その日はサンドイッチにサラダ、スープなどの洋食風な朝食で、サラダ用のドレッシングまで彼女のお手製のものだった。
部屋着に着替えた伊織は、いつものように結菜と二人っきりで食卓を囲む。
朝は彼の母親も家にいるのだが、仕事で帰りが遅い時間になる彼女はまだ就寝中だった。
「いただきます」「いただきます」
早速サンドイッチを手に取り、可愛らしくかじりつく結菜。
しかし伊織は挨拶をしたものの、食事を始めず何やら迷っているようだった。
やがて彼は美味しそうに口を動かす結菜を見て決心したのか、彼女へと声をかける。
「さっきは悪かったな」
「え? 私の優しさに裏があるって言ってたこと?」
「それだよ。ぶっちゃけ絶対に何か企んでいるに違いないとまで考えてたんだ。だから謝っとく。ごめんな」
「あはは、信用度ゼロだ。でもいいよ。私は自業自得のところもあるし、気にしてないよ」
結菜は明るくそう答えて、再びサンドイッチを口にする。
対する伊織はなおも迷っている様子を見せていたが、やがてぎこちなく微笑むとサラダから手を付け始めた。
そして一口目を食べ終えて、彼が結菜に美味しいと告げようとした時のことだった。
不意に結菜がぽつりと言う。
「伊織は変わったよね」
驚いて動きを止める伊織に、結菜は目を合わせずに話し続ける。
「私に謝ることが本当に増えたよね。子どもの頃はもっと対等だったと思うよ。今朝のことだって、私がいつもイタズラしてるからあなたも警戒しただけでしょ? そこまで気に病むこともないと思うけどなぁ」
その言葉を聞いた伊織は、弱々しく笑って答えた。
「子どもの頃と今では事情が違うだろ。あの頃は俺も今より生意気だったし、おまえにここまで世話にもなっていなかったし、それに善意を疑った俺が謝るのはおかしなことでもないだろ?」
結菜はそこで顔を上げると、寂しそうに彼の目を見た。
そうして彼女は、静かに伊織に告げる。
「あなたが私に謝ることが増えた一番の理由は、学校で私と他人のふりをしているからだよね」
うっと小さくうめき声を上げ、伊織はわずかに体を仰け反らせた。
しかし彼は結菜の悲しそうな目を見ると、慌てて笑って彼女に言った。
「そ、そんな顔しないでくれよ。俺はおまえと仲違いしたくて謝ったわけじゃない。それに、ちょっとずつだけど世界は変わってきてるだろ? たった二人だけど、俺たちの秘密を打ち明けた人も出てきたし、な?」
必死になって、伊織は結菜に声をかけた。
だが、それでも結菜の表情は変わらなかった。彼女は寂しそうな表情のまま、沈んだ調子の声を出す。

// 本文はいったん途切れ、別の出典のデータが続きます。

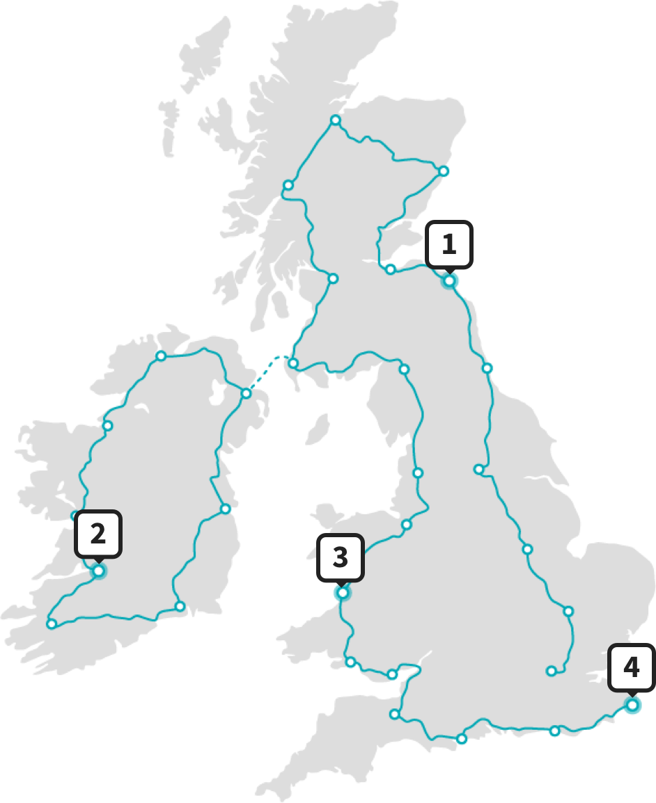 Originally part of our Run around Europe Map, Run UK & Ireland was split in mid 2019. No, it wasn’t part of Brexit, it was to make the Run the world journey more available to everyone. Upload your structured runs and walks to our App and we will track you on an educational, interactive and engaging journey. Our smallest map at 3,890kms, the challenge is on to finish this map the quickest. Covering England, Ireland, Scotland, Northern Ireland and Wales, one must pass through 31 towns and cities to arrive at the finish line in Dover.
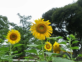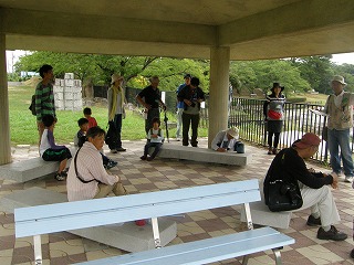 集合時刻前後は僅かに小雨が降っていましたが、終日曇り空の蒸し暑い観察 会になりました。園内のミツバチ牧場は大曽公園(岩間造園)が「新海養蜂場」に 委託して運営しています。公園での蜜蜂絞り体験行事は今年も数回行われており、 今回は知多自然観察会が協力させて頂きました。
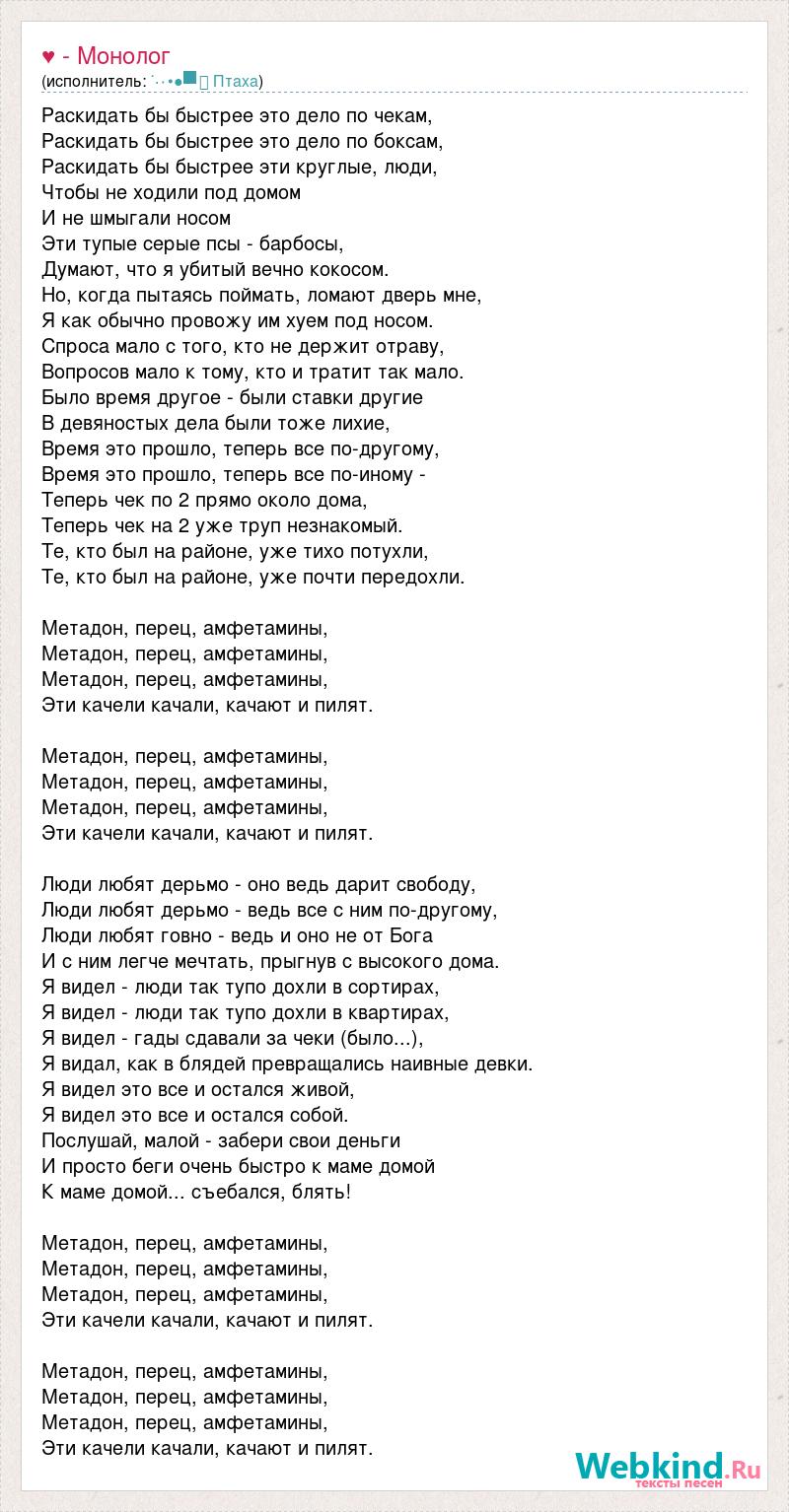 Раскидать бы быстрее это дело по чекам, Раскидать бы быстрее это дело по боксам, Раскидать бы быстрее эти круглые, люди, Чтобы не ходили под домом И не шмыгали носом Эти тупые серые псы - барбосы, Думают, что я убитый вечно кокосом. Но, когда пытаясь поймать, ломают дверь мне, Я как обычно провожу им хуем под носом. Спроса мало с того, кто не держит отраву, Вопросов мало к тому, кто и тратит так мало. Было время другое - были ставки другие В девяностых дела были тоже лихие, Время это прошло, теперь все по-другому, Время это прошло, теперь все по-иному - Теперь чек по 2 прямо около дома, Теперь чек на 2 уже труп незнакомый. Те, кто был на районе, уже тихо потухли, Те, кто был на районе, уже почти передохли. Метадон, перец, амфетамины, Метадон, перец, амфетамины, Метадон, перец, амфетамины, Эти качели качали, качают и пилят. Метадон, перец, амфетамины, Метадон, перец, амфетамины, Метадон, перец, амфетамины, Эти качели качали, качают и пилят. Люди любят дерьмо - оно ведь дарит свободу, Люди любят дерьмо - ведь все с ним по-другому, Люди любят говно - ведь и оно не от Бога И с ним легче мечтать, прыгнув с высокого дома. Я видел - люди так тупо дохли в сортирах, Я видел - люди так тупо дохли в квартирах, Я видел - гады сдавали за чеки (было...), Я видал, как в блядей превращались наивные девки. Я видел это все и остался живой, Я видел это все и остался собой. Послушай, малой - забери свои деньги И просто беги очень быстро к маме домой К маме домой... съебался, блять! Метадон, перец, амфетамины, Метадон, перец, амфетамины, Метадон, перец, амфетамины, Эти качели качали, качают и пилят. Метадон, перец, амфетамины, Метадон, перец, амфетамины, Метадон, перец, амфетамины, Эти качели качали, качают и пилят.
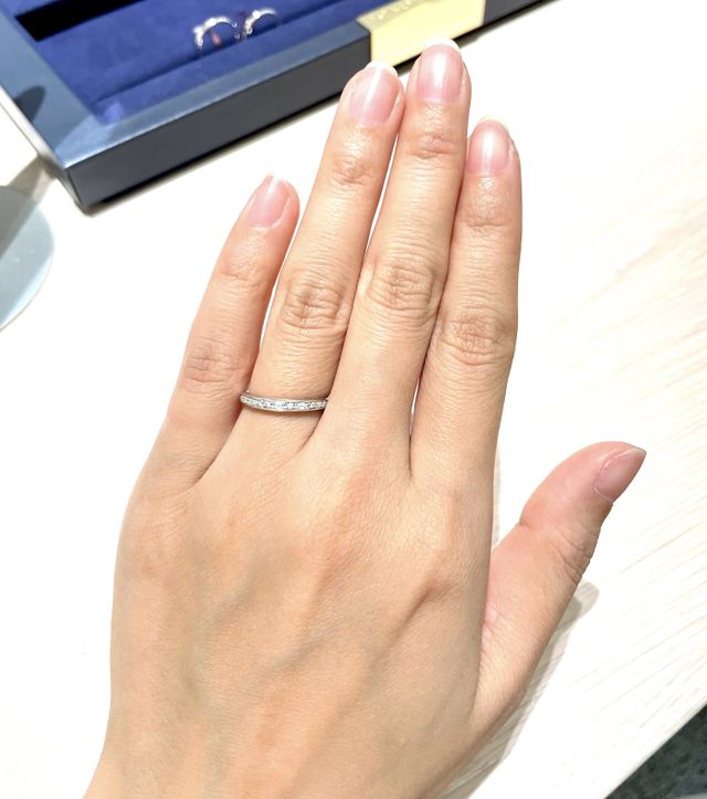 ゆるやかなU字で手が綺麗に見えること、自分に似合うデザインで着け心地がいいことが一番の決め手でした。デザインについてこだわりはありませんでしたが、オレッキオならではのエメラルドカットのダイヤモンドが埋め込まれており、他のハーフエタニティリングとは違う特別な輝き方の指輪であることも決め手の一つでした。
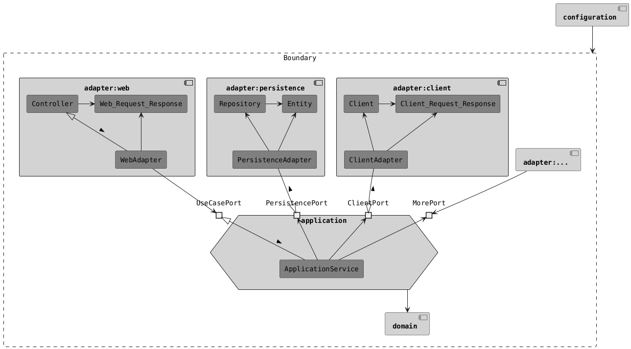 @startuml skinparam defaultFontName Fira Code, Monospaced skinparam RectangleBorderStyle<<Boundary>> dashed skinparam RectangleBackgroundColor<<Boundary>> White skinparam RectangleFontStyle<<Boundary>> normal skinparam RectangleBackgroundColor Gray skinparam ComponentBackgroundColor LightGray skinparam HexagonBackgroundColor LightGray skinparam ComponentFontStyle bold hide <<Boundary>> stereotype rectangle Boundary <<Boundary>> { hexagon application { port UseCasePort port PersistencePort port ClientPort port MorePort rectangle ApplicationService UseCasePort <|-- ApplicationService: > PersistencePort <-- ApplicationService ClientPort <-- ApplicationService MorePort <-- ApplicationService } application --> [domain] component adapter:web { rectangle Controller rectangle Web_Request_Response Controller -> Web_Request_Response rectangle WebAdapter Controller <|-- WebAdapter: > Web_Request_Response <-- WebAdapter } WebAdapter --> UseCasePort component adapter:persistence { rectangle Repository rectangle Entity Repository -> Entity rectangle PersistenceAdapter Repository <-- PersistenceAdapter Entity <-- PersistenceAdapter } PersistenceAdapter --|> PersistencePort: < component adapter:client { rectangle Client rectangle Client_Request_Response Client -> Client_Request_Response rectangle ClientAdapter Client <-- ClientAdapter Client_Request_Response <-- ClientAdapter } ClientAdapter --|> ClientPort: < [adapter:...] --> MorePort } [configuration] --> Boundary @enduml
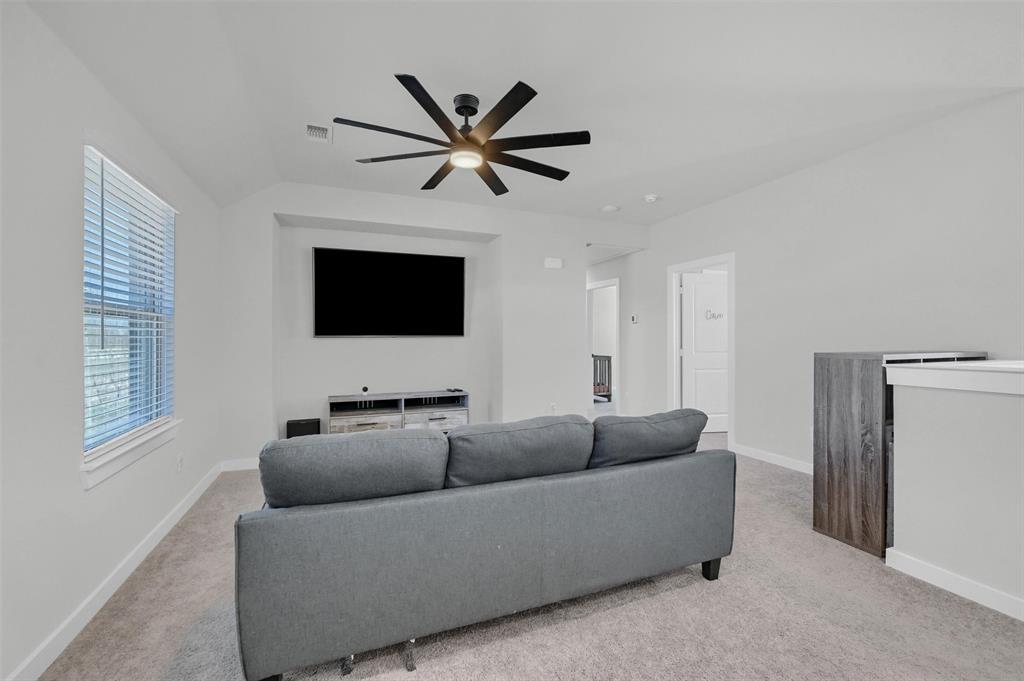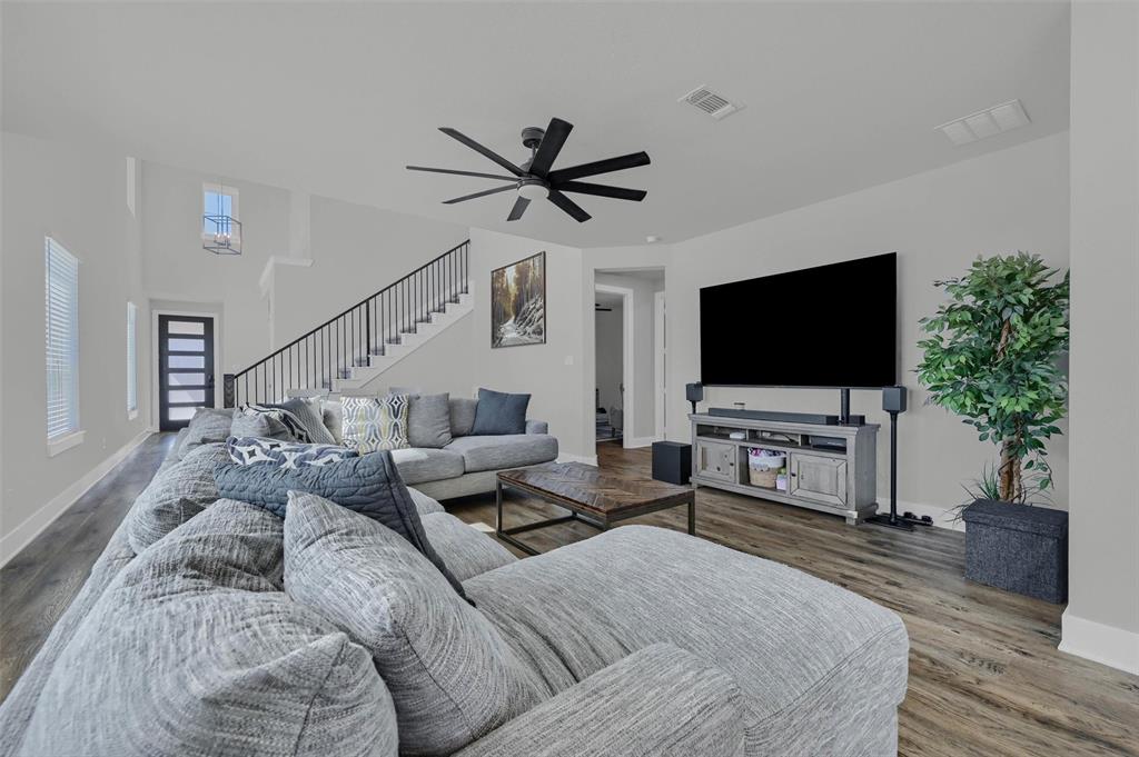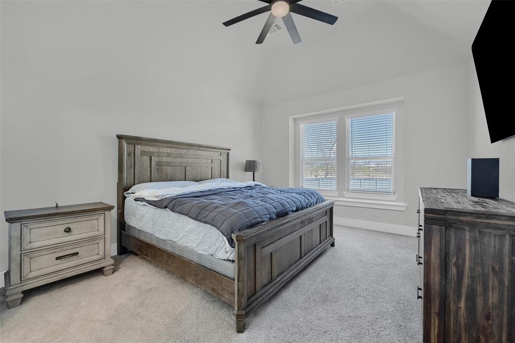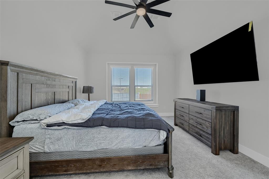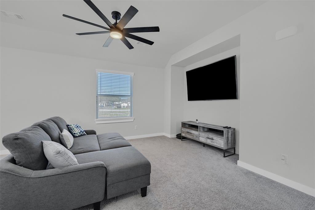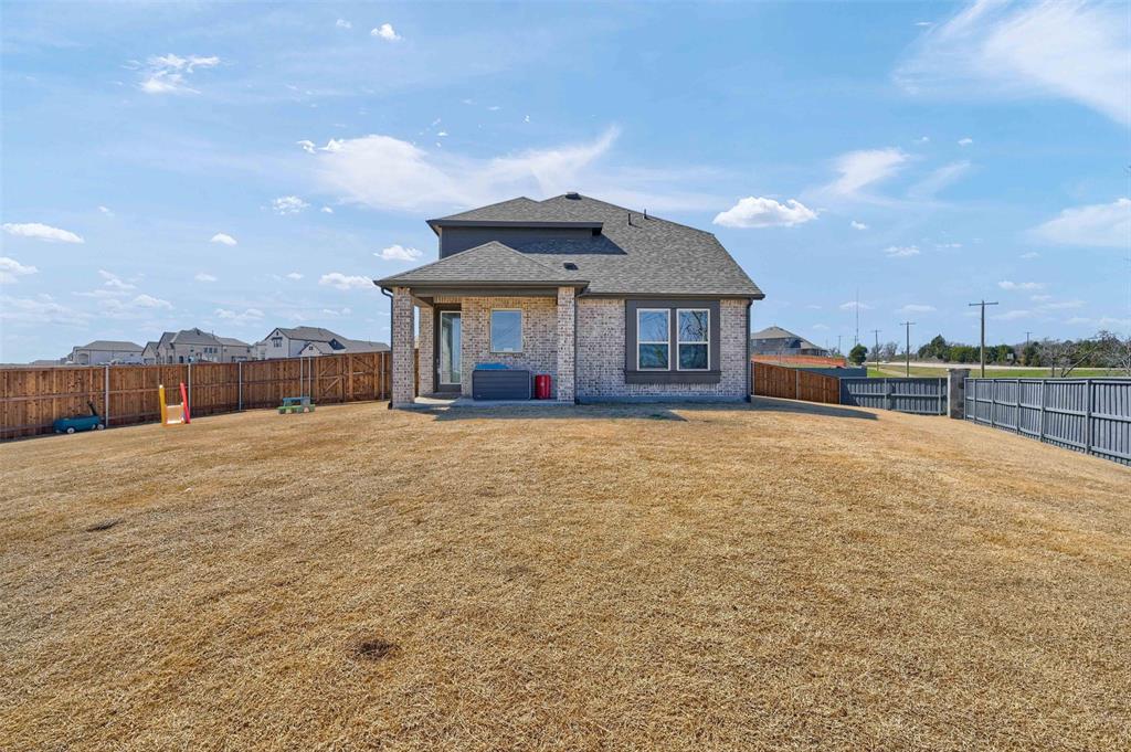 Stunning 4 bedroom, 2.5 bath home in the new Bel Air Village development. This master-planned community spans 300+ acres and offers a diverse array of amenities blending nature and convenience. Built by Highland Homes, this residence sits on one of the largest lots in the neighborhood, tucked away at the end of a quiet cul-de-sac with no through traffic, ensuring maximum privacy. Upon entering you’ll notice the impressive vault and large dormer window filling the spacious family room with natural light. The open design flows seamlessly into the kitchen, equipped with stainless gas appliances, a large island, and views of the backyard. The walk-in laundry room is accessible from the hallway and offers plenty of room for a full-size washer & dryer along with additional shelving. The primary bedroom offers a walk-in closet and an ensuite bath with double vanities, a soaking tub, and a separate glass-enclosed shower. The guest bedrooms are well appointed and share their own full bath. A versatile flex room on the main floor can be adapted as a home office or additional bedroom. Outside, you’ll find a generously sized covered back porch overlooking the fully fenced backyard. The 3-car garage is designed for both convenience and durability, featuring epoxy-coated floors at each bay for easy maintenance.

「ここも昔と違うところかな。今の伊織は私を腫れ物に触るように扱ってるところがあるんだよね。私がちょっとでも悲しそうな顔をすると、伊織は大慌てで私に優しくし始めるよね」
その発言で、彼は再び言葉を失った。
そして結菜の言う通り、困ったように不安そうに彼女の顔色を窺い始める。
すると結菜は一転、そこで朗らかに微笑むと元気に言った。
「なんてね?」
またも動きを止めて驚く伊織の前で、結菜は明るく楽しそうに言葉を続ける。
「伊織は昔から、私が落ち込んでるとすぐに励まそうとしてくれる子だったよね。そこは今も変わってないよね」
そこまで話すと結菜はちょっぴりイジワルっぽく微笑み、人差し指を立てて伊織に言う。
「それにあなただって知ってるでしょ? 私はメソメソし続けているような性格じゃない。だから少々疑われたところで落ち込んだりしないし、反省してあなたへのイタズラを止めたりもしないんだよ」
結菜はそこまで言い終えると、小さくチロリと舌を覗かせた。
それを見て、伊織もようやく口元を緩ませる。
「……そういうのは、俺もわかってたはずなんだけどな」
伊織はそうつぶやくと、サンドイッチを手に取った。
そしてそれに一口かぶりつくと、やがて結菜に言う。
「おまえのそういう性格も気にしてなさそうなのも理解していたはずなのに、でも、どうしてだかおまえを前にすると謝るべきだと思い込んでしまったんだよな。謝らざるを得なかった」
「伊織は生真面目だからね」
「……生真面目だから、なのかね?」
「そうだと思うよ。伊織は筋を通したりすることが嫌いじゃないでしょ?」
結菜は笑いながらそう言って、伊織は「そうなのかねえ……」と納得がいかないようにサンドイッチにかぶりつく。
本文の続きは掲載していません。